_WORK TO BE COMPLETED:_ Word for word, copy all of the entries.

RECORDED DATA Start Marker

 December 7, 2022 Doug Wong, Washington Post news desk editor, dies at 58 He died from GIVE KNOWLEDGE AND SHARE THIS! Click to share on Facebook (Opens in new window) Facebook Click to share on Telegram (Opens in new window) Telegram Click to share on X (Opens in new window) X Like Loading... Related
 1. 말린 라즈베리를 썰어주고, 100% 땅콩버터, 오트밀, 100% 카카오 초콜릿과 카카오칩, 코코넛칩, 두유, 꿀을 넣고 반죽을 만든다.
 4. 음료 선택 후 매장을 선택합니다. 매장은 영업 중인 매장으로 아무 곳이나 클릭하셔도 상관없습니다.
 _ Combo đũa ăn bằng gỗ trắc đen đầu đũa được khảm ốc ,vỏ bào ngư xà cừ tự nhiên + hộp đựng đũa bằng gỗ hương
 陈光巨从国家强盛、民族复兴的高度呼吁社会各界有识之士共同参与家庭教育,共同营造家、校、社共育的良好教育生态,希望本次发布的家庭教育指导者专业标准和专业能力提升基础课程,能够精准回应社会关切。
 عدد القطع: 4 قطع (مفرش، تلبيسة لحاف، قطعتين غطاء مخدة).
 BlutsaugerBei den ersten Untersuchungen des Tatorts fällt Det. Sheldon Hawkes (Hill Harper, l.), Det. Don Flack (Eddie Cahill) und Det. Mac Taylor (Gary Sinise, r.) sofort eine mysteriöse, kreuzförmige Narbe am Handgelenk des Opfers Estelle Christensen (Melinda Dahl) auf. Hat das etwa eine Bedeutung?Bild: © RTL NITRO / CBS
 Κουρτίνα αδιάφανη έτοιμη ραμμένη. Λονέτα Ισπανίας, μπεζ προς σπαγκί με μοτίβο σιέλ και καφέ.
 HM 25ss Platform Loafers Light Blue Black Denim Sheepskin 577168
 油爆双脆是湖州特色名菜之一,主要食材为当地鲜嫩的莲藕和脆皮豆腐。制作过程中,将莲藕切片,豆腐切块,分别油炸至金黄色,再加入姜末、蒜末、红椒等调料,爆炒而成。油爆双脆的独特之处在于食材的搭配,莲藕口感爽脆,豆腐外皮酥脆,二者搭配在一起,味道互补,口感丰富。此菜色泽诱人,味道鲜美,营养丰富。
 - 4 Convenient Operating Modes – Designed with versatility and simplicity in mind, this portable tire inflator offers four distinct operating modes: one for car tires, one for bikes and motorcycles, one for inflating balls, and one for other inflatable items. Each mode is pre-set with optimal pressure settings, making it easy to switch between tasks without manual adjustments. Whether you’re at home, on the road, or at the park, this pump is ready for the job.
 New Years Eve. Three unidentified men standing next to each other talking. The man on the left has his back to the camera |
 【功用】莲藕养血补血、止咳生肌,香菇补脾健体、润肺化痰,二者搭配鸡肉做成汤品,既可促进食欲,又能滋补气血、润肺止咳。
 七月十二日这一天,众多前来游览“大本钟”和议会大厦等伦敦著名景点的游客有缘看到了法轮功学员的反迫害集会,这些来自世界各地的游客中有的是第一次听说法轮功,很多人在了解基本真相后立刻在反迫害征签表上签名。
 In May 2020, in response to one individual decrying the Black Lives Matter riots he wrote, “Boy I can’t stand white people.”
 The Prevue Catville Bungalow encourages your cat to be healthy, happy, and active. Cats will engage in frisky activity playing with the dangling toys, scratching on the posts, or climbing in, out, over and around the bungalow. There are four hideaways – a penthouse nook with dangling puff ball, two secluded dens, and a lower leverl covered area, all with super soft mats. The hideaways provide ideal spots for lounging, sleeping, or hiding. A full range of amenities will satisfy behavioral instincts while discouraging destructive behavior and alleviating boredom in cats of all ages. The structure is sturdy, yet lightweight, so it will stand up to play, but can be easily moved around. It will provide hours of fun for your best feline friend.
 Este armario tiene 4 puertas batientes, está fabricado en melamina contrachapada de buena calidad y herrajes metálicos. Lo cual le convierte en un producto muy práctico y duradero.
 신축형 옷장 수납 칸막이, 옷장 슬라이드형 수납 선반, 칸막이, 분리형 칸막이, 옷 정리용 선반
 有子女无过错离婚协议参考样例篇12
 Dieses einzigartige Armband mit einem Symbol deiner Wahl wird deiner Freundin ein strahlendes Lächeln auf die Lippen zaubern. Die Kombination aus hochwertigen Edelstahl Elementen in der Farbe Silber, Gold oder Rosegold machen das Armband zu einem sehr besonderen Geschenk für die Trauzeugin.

RECORDED DATA End Marker

_YOUR SOLUTION:_
 December 7, 2022 Doug Wong, Washington Post news desk editor, dies at 58 He died from GIVE KNOWLEDGE AND SHARE THIS! Click to share on Facebook (Opens in new window) Facebook Click to share on Telegram (Opens in new window) Telegram Click to share on X (Opens in new window) X Like Loading... Related
 1. 말린 라즈베리를 썰어주고, 100% 땅콩버터, 오트밀, 100% 카카오 초콜릿과 카카오칩, 코코넛칩, 두유, 꿀을 넣고 반죽을 만든다.
 4. 음료 선택 후 매장을 선택합니다. 매장은 영업 중인 매장으로 아무 곳이나 클릭하셔도 상관없습니다.
 _ Combo đũa ăn bằng gỗ trắc đen đầu đũa được khảm ốc ,vỏ bào ngư xà cừ tự nhiên + hộp đựng đũa bằng gỗ hương
 陈光巨从国家强盛、民族复兴的高度呼吁社会各界有识之士共同参与家庭教育,共同营造家、校、社共育的良好教育生态,希望本次发布的家庭教育指导者专业标准和专业能力提升基础课程,能够精准回应社会关切。
 عدد القطع: 4 قطع (مفرش، تلبيسة لحاف، قطعتين غطاء مخدة).
 BlutsaugerBei den ersten Untersuchungen des Tatorts fällt Det. Sheldon Hawkes (Hill Harper, l.), Det. Don Flack (Eddie Cahill) und Det. Mac Taylor (Gary Sinise, r.) sofort eine mysteriöse, kreuzförmige Narbe am Handgelenk des Opfers Estelle Christensen (Melinda Dahl) auf. Hat das etwa eine Bedeutung?Bild: © RTL NITRO / CBS
 Κουρτίνα αδιάφανη έτοιμη ραμμένη. Λονέτα Ισπανίας, μπεζ προς σπαγκί με μοτίβο σιέλ και καφέ.
 HM 25ss Platform Loafers Light Blue Black Denim Sheepskin 577168
 油爆双脆是湖州特色名菜之一,主要食材为当地鲜嫩的莲藕和脆皮豆腐。制作过程中,将莲藕切片,豆腐切块,分别油炸至金黄色,再加入姜末、蒜末、红椒等调料,爆炒而成。油爆双脆的独特之处在于食材的搭配,莲藕口感爽脆,豆腐外皮酥脆,二者搭配在一起,味道互补,口感丰富。此菜色泽诱人,味道鲜美,营养丰富。
 - 4 Convenient Operating Modes – Designed with versatility and simplicity in mind, this portable tire inflator offers four distinct operating modes: one for car tires, one for bikes and motorcycles, one for inflating balls, and one for other inflatable items. Each mode is pre-set with optimal pressure settings, making it easy to switch between tasks without manual adjustments. Whether you’re at home, on the road, or at the park, this pump is ready for the job.
 New Years Eve. Three unidentified men standing next to each other talking. The man on the left has his back to the camera |
 【功用】莲藕养血补血、止咳生肌,香菇补脾健体、润肺化痰,二者搭配鸡肉做成汤品,既可促进食欲,又能滋补气血、润肺止咳。
 七月十二日这一天,众多前来游览“大本钟”和议会大厦等伦敦著名景点的游客有缘看到了法轮功学员的反迫害集会,这些来自世界各地的游客中有的是第一次听说法轮功,很多人在了解基本真相后立刻在反迫害征签表上签名。
 In May 2020, in response to one individual decrying the Black Lives Matter riots he wrote, “Boy I can’t stand white people.”
 The Prevue Catville Bungalow encourages your cat to be healthy, happy, and active. Cats will engage in frisky activity playing with the dangling toys, scratching on the posts, or climbing in, out, over and around the bungalow. There are four hideaways – a penthouse nook with dangling puff ball, two secluded dens, and a lower leverl covered area, all with super soft mats. The hideaways provide ideal spots for lounging, sleeping, or hiding. A full range of amenities will satisfy behavioral instincts while discouraging destructive behavior and alleviating boredom in cats of all ages. The structure is sturdy, yet lightweight, so it will stand up to play, but can be easily moved around. It will provide hours of fun for your best feline friend.
 Este armario tiene 4 puertas batientes, está fabricado en melamina contrachapada de buena calidad y herrajes metálicos. Lo cual le convierte en un producto muy práctico y duradero.
 신축형 옷장 수납 칸막이, 옷장 슬라이드형 수납 선반, 칸막이, 분리형 칸막이, 옷 정리용 선반
 有子女无过错离婚协议参考样例篇12
 Dieses einzigartige Armband mit einem Symbol deiner Wahl wird deiner Freundin ein strahlendes Lächeln auf die Lippen zaubern. Die Kombination aus hochwertigen Edelstahl Elementen in der Farbe Silber, Gold oder Rosegold machen das Armband zu einem sehr besonderen Geschenk für die Trauzeugin.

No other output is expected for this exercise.